I think fear stems from secrets. Wives start thinking, if he didn't tell me this, what else isn't he telling me? If he wants to be dressed as a woman, does that mean he wants to be with a man? If he says no now, will that change? And I think all of that boils down to a wife feeling like they're lacking in some way and not enough for their partner.
If you walk into a stressful situation with those assumptions running around in your head, it's hard to hear what's really being said to you by your husband.
I went through the "does he want to be with a man when his femme side is out?", and "will he leave me for a man?", when my partner first came out.
But as we figure out where Melissa fits into our lives, that concern became less and less. But the only way our stressful issues have been resolved is by talking about it over and over again.
There's no way I could come out with my bi side or him to come out with his CD side, with other people, and see it turn into the constructive supportive environment that we've created. I credit the way we communicate.
I think in order to deal with fears and assumptions, both parties have to be willing to listen. I find that fear usually stems from misinformation that feeds into assumptions.

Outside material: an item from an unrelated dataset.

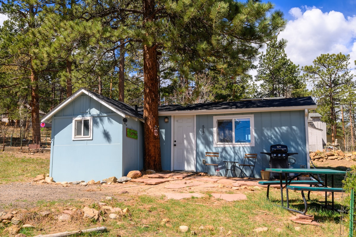 “My wife and I eloped on the deck because it was so beautiful. This place is that much of a vibe.” — Justin Mellow Yellow sits on a quiet hilltop in downtown Estes Park, Permit 3516. Walk everywhere & come home to trees, views, and calm. Sip coffee on the deck, watch the mountains glow, and hear hummingbirds drift past. Treetop deck with views Piano, guitar & drums Full kitchen, 1-gig WiFi 5-min drive to RMNP A small (414 sq ft), creative hideaway built for location, atmosphere, and moments.

The more things I wonder about when it comes to my partner's CDing, the more questions I ask. I would rather get the answers from
him than to go on an assumption only to find I stressed myself out needlessly about something. It's also not my place to decide how he feels about something or assume why does/doesn't do something. He should have the right to answer for himself.
I've come to find that she's becoming just as much a part of me, as she is a part of him. We sort of share her I guess. She brings out a different side of me that interests my partner, and I'm interested in his more submissive side that is Melissa.
But you're right...the support and openminded part of it comes from lack of fear. And a whole heap of trust. I trust what he says about how he feels, why he CD's (even if the reasons change over time) and in the end the rule is, "if one of us is uncomfortable, than we discuss." That way it doesn't give "fear" a chance to dig in her Manolo Blahnik heels and wreak havoc.